Колонна, содрогающаяся от ритмического грохота обутых ног, вступает с улицы Родригеса. Вбивается в площадь, как удар. Катаклизм. Обрывается прогулка, все бегут смотреть! Площадь как будто внезапно ожила… но каким-то позором! Ха-ха-ха — дайте мне посмеяться — ха-ха-ха-ха! Ворвались ноги, скованные строгим повиновением, и тела, всаженные в военную форму, невольничьи, слитые в едином, навязанном им движеньи. Ха-ха-ха-ха, господа гуманисты, демократы, социалисты! А все-таки весь общественный порядок, все системы, власть, право, государство и правительство, институты, все опирается на этих рабов, едва вышедших из детского возраста, их приструнили, заставили присягнуть в слепом повиновении (бесподобно ханжество этой принудительно-добровольной присяги!) и обработали так, чтобы они убивали и давали убивать себя. Генерал приказывает майору. Майор приказывает поручику.
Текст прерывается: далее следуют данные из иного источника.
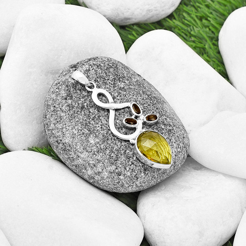 Lemon Quartz Checker & Smoky Quartz Pendant P-1118 SDP139411
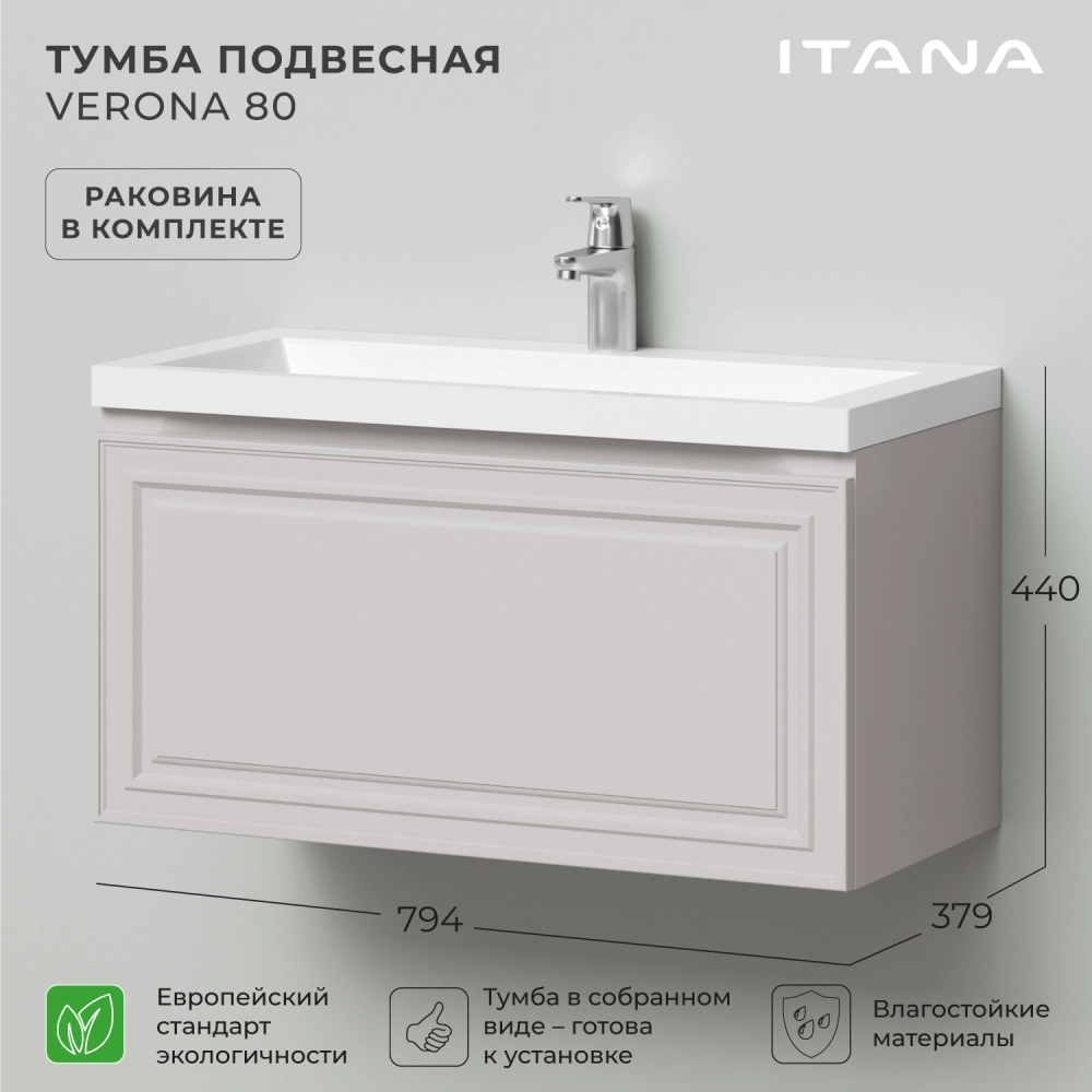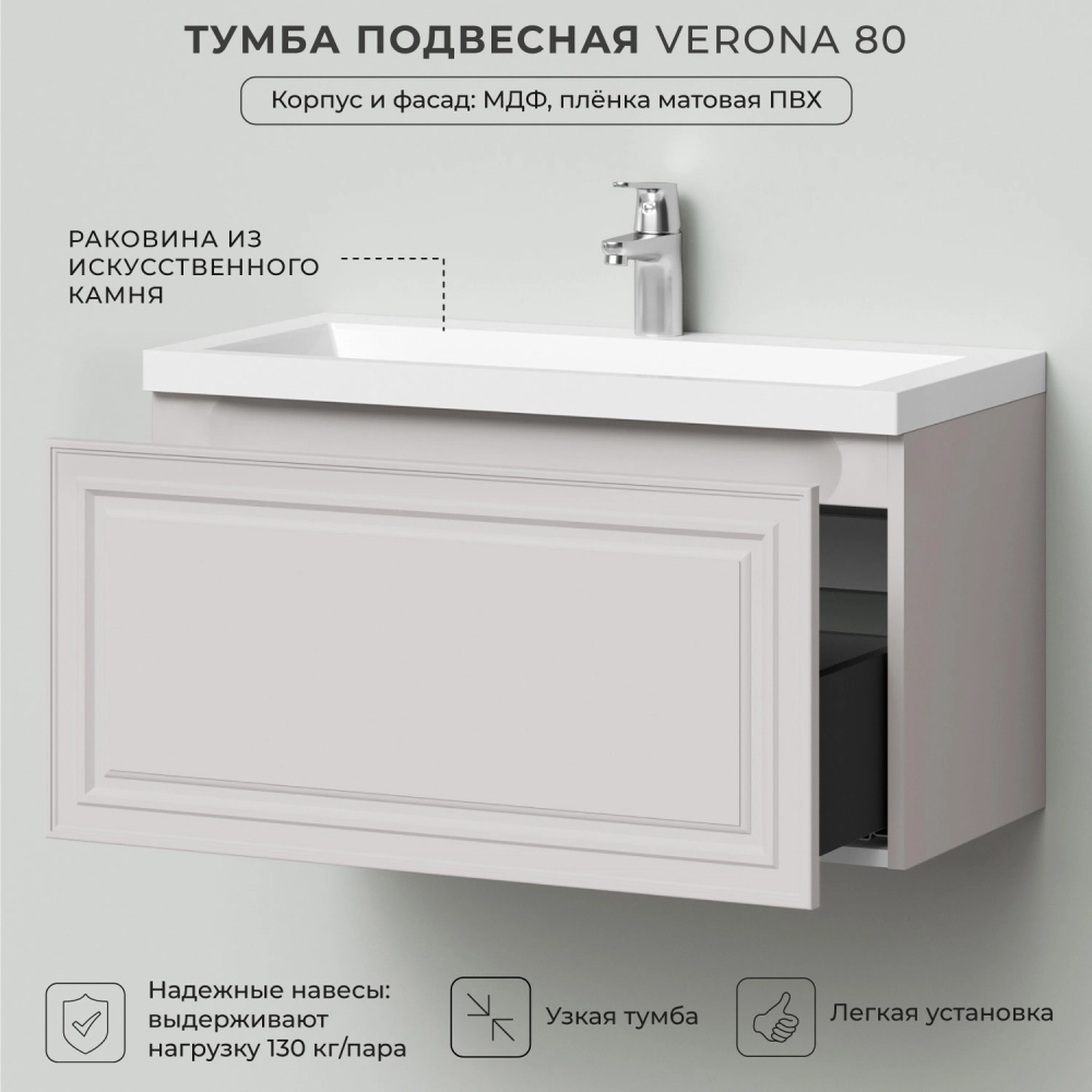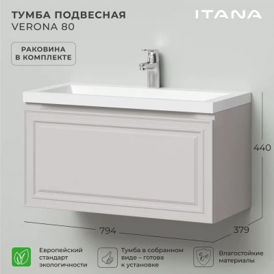 Тумба с раковиной подвесная Итана Verona 80 с выдвижным ящиком Керамик

После чего крепкие руки присягнувших и выдрессированных парней хватают винтовку и начинают палить.
Но все системы — социалистическая или капиталистическая — основаны на рабстве, и вдобавок — на рабстве молодых, — вот так-то, господа рационалисты, гуманисты и, ха-ха-ха, господа демократы!
Вторник
Многое из того, что со мною происходит в Тандиле, туманно… темно… как и то, что у меня приключилось с Рикардоном. Я познакомился с ним в кафе, спокойный такой господин средних лет. Он спросил: — Гомбрович? Ваших книг я не знаю, но читал о вас. Маллеа (аргентинский писатель) упоминал о вас в «Леоплане» (еженедельник).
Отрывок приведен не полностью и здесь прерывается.